INPUT FOR THIS TASK:
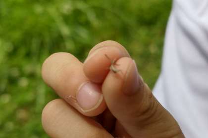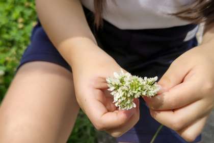 かわいい赤ちゃんバッタを捕まえたり、シロツメクサで冠を作ったりする子を発見しました。
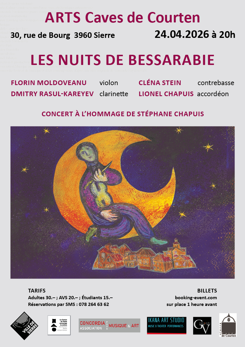 Dans la musique klezmer, les personnages magiques qui habitent les tableaux de Marc Chagall deviennent un véritable tableau vivant.Les Nuits de Bessarabie, formé des brillantes solistes de l’Orchestre de la Suisse Romande, vous transportent aux villages juifs du début du 20ème siècle avec un répertoire basé sur des mélodies recueillies en Ukraine dans les années 1920-30.Avec des résonnances de la musique du Moyen Orient et les rythmes fulgurant des danses des pays de l’Est, le klezmer est une musique où les larmes et les rires s’entremêlent.Les Nuits de Bessarabie ont reconnu un grand succès à travers l’Europe et ont eu l’honneur de se produire à l’Organisation des Nations Unis pour une commémoration importante.
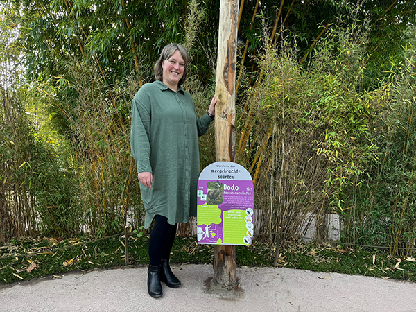 Jolanda van Hemert (42) uit Lelystad schoolde zich om van leerkracht tot DTP’er en kwam via een stageplaats bij Almere Jungle terecht als vrijwilliger. Nu werkt ze al een jaar aan alle bebording in het park. “Ik vond het geweldig, de eerste keer dat iets wat ik had ontworpen ook geproduceerd werd! Dat was voor mij al heel wat”, vertelt ze lachend.
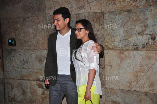Bollywood actors Aamir Khan with Rani Mukherjee during the special screening film Ship of Theseus in Mumbai, India on July 16, 2013. Photo Credit: Indian Photo Agency (InPA)
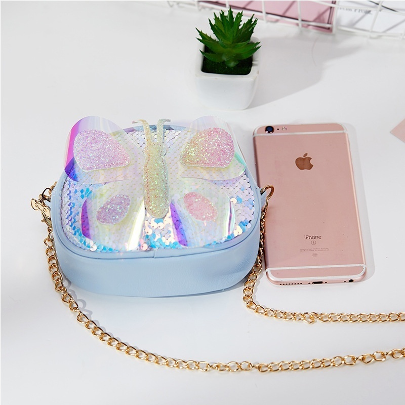 Korean Children's Bag Shoulder Bag Cute Colorful Butterfly Mini Crossbody Bag Girl Chain Bag Baby Coin Purse

PROMPT: Set the lines down exactly as they stand, from the one containing "Bollywood actors Aamir" through the end of the listing, omitting every picture.

FINISHED EXERCISE:
Bollywood actors Aamir Khan with Rani Mukherjee during the special screening film Ship of Theseus in Mumbai, India on July 16, 2013. Photo Credit: Indian Photo Agency (InPA)
 Korean Children's Bag Shoulder Bag Cute Colorful Butterfly Mini Crossbody Bag Girl Chain Bag Baby Coin Purse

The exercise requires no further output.